Hordes of investors are bailing out of American Express (AXP): Its stock has cratered from a 52-week high of 63.63 on Oct. 11, 2007, to 38 on Sept. 5. Some of the major institutions, such as Fidelity Management, Capital Research Global, and Oppenheimer Funds (OPY), have unloaded huge amounts of stock. But here's one piece of advice: Don't follow the crowd rushing for the exits. Go the opposite way and grab the opportunity to buy shares of the credit-card behemoth at its current heavily discounted price.
AmEx is a vivid example of how a highflier can plunge no matter how fine a company it is. But that's how the market creates tempting opportunities. In AmEx's case, the company became partly responsible for its own market woes when CEO Kenneth Chenault frankly warned analysts in early August that the slowing economy, high energy costs, and wealth shrinkage due to the housing meltdown indicated tough times ahead.

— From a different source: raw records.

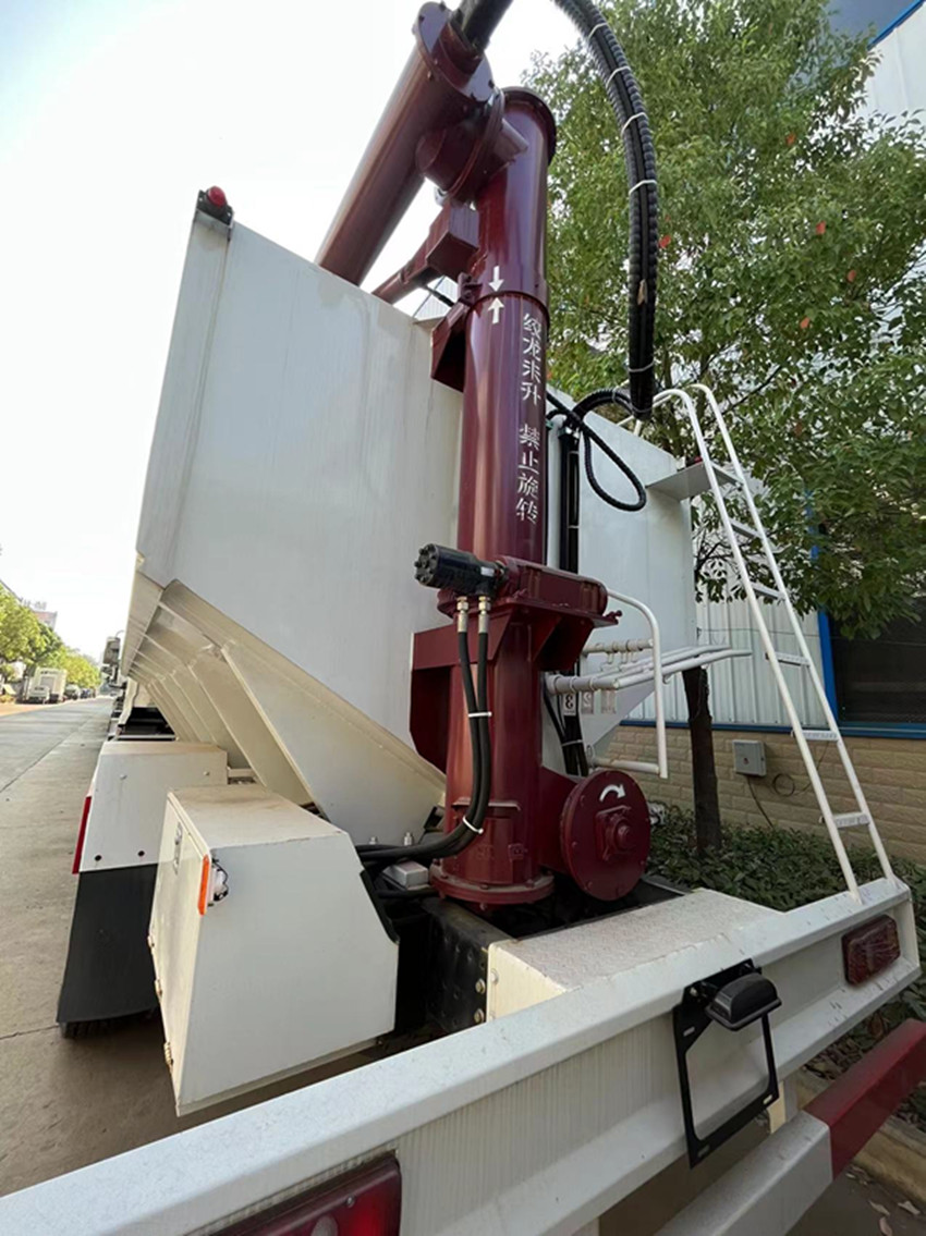 可獨(dú)立控制各分倉(cāng)卸料順序和速度,整車(chē)3條蛟龍(底部水平絞龍、尾部垂直絞龍、頂部卸料絞龍),由取力器經(jīng)車(chē)輛變速箱取力后,將動(dòng)力傳動(dòng)至高壓油泵以驅(qū)動(dòng)液壓系統(tǒng)帶動(dòng)各絞龍工作,或者由3個(gè)5.5kw 380v電機(jī)帶動(dòng)各絞龍工作,頂部絞龍液壓控制舉升,可左右旋轉(zhuǎn)180°此車(chē)公告+環(huán)保+燃油齊全,全國(guó)上戶無(wú)憂!
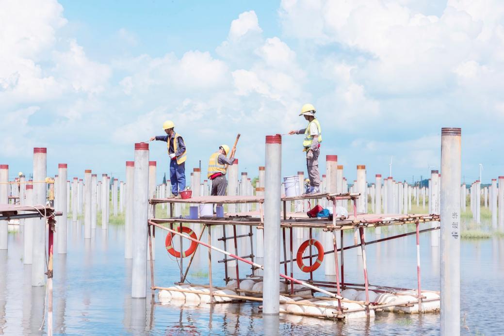 打桩组,一台台打桩机将一根根钢筋混凝土管桩扎入水底;安装组,安装着每一个支架、每一块光伏面板、拧紧每一颗螺丝;质量组,严格执行三级验收,无论是支架、组件还是线路接线,都严格自检、巡检;安全组,盯牢每一个工作面、作业点,未有半分懈怠;项目管理人员,时刻驻守现场,及时解决发现问题,以保证项目稳步有序推进。
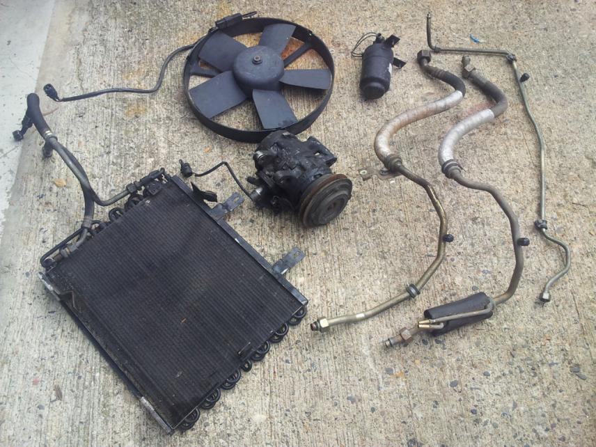 I'm selling some of the air conditioning components from my e30. I DO NOT know if the compressor is good (I never had the A/C operational in my car) Because of this, I don't even know what it's all worth, so shoot me offers if you're interested. I'll part it out (send an offer) otherwise I'm asking $50 for everything in the picture, the condensor, the electric fan, the compressor, the dryer, and the two lines. The third line was pulled from a junkyard car, and has a built in fuel cooler which is bitchin' but neither of those lines have the right fitting size for the compressor.
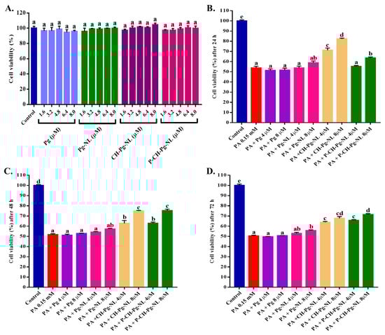 Effects of free-Pg and Pg-loaded liposomal systems on cytotoxicity and PA-induced lipotoxicity in L02 cells. (A) Cells were treated for 24 h with 1.6–8.0 μM of free-Pg and Pg-loaded nanoliposomes, and cell viability was evaluated by MTT assay (% of control). (B–D) Cells were treated for 24 h with 0.15 mM PA with or without free-Pg and Pg-loaded nanoliposomes for 24, 48, and 72 h, accordingly. After that, cell viability was evaluated by MTT assay (% of control). Individual alphabet represents the significant difference (p < 0.05) of all treatment groups. Here, PA = palmitic acid; Pg-NL = Pelargonidin-3-O-glucoside-loaded uncoated nanoliposomes; CH-Pg-NL = Pg-NL coated by chitosan; P-CH-Pg-NL = CH-Pg-NL coated by pectin.
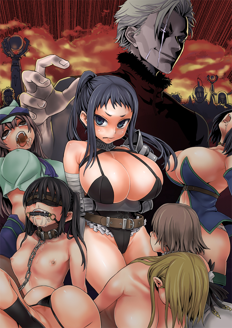 1boy6+girlsarmorassbeltblack hairblonde hairblue eyesblushbreastsbrown eyesbrown haircleavagecovered erect nippleshuge breastslong hairmultiple girlsnipplesshort hair
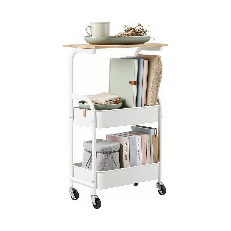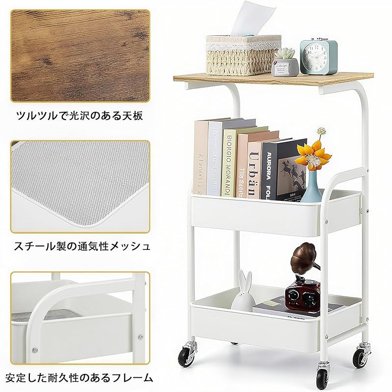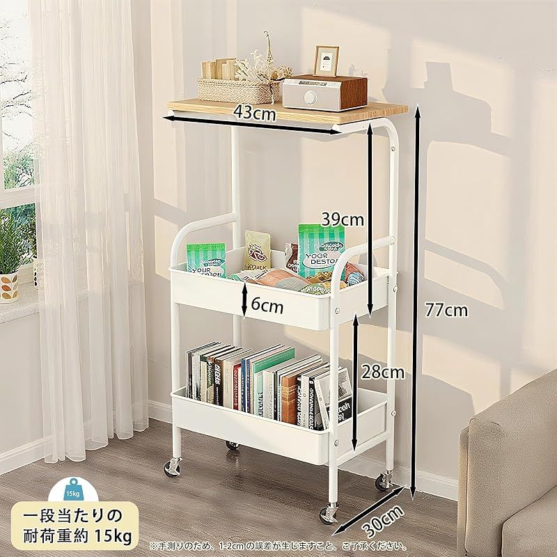 商品名:Sunhot 収納ワゴン キャスター付き 3段 キッチンワゴン 天板付き 幅30cm スキマラック スリム 隙間収納 小物収納 サイドワゴン スチール製 組立簡単 幅43×奥行30×高さ77 (ホワイト)

That prompted analysts to downgrade the stock. Of the 19 who follow AmEx, three quickly changed their recommendation to sell and 10 to neutral. But not everyone went negative: Six analysts have kept their buy rating, with 12-month price targets ranging from 40 to 55.
Sanguine bullsHere's a sampling of what those with a cautious outlook have to say. "The wide-ranging effects of the housing downturn are highlighted by the worsening of U.S. Cards' [an AmEx division] credit quality," said Meredth Whitney of Oppenheimer in a note to clients. As a result, she says, AmEx's affluent customers "have seen credit deterioration beyond expectations." She rates AmEx "perform," which is equivalent to staying neutral on the stock. Also cautious is Kenneth Bruce, an analyst at Merrill Lynch (MER) who has done banking for AmEx. He rates the stock underperform and warned clients that it hasn't yet fully reflected these problems.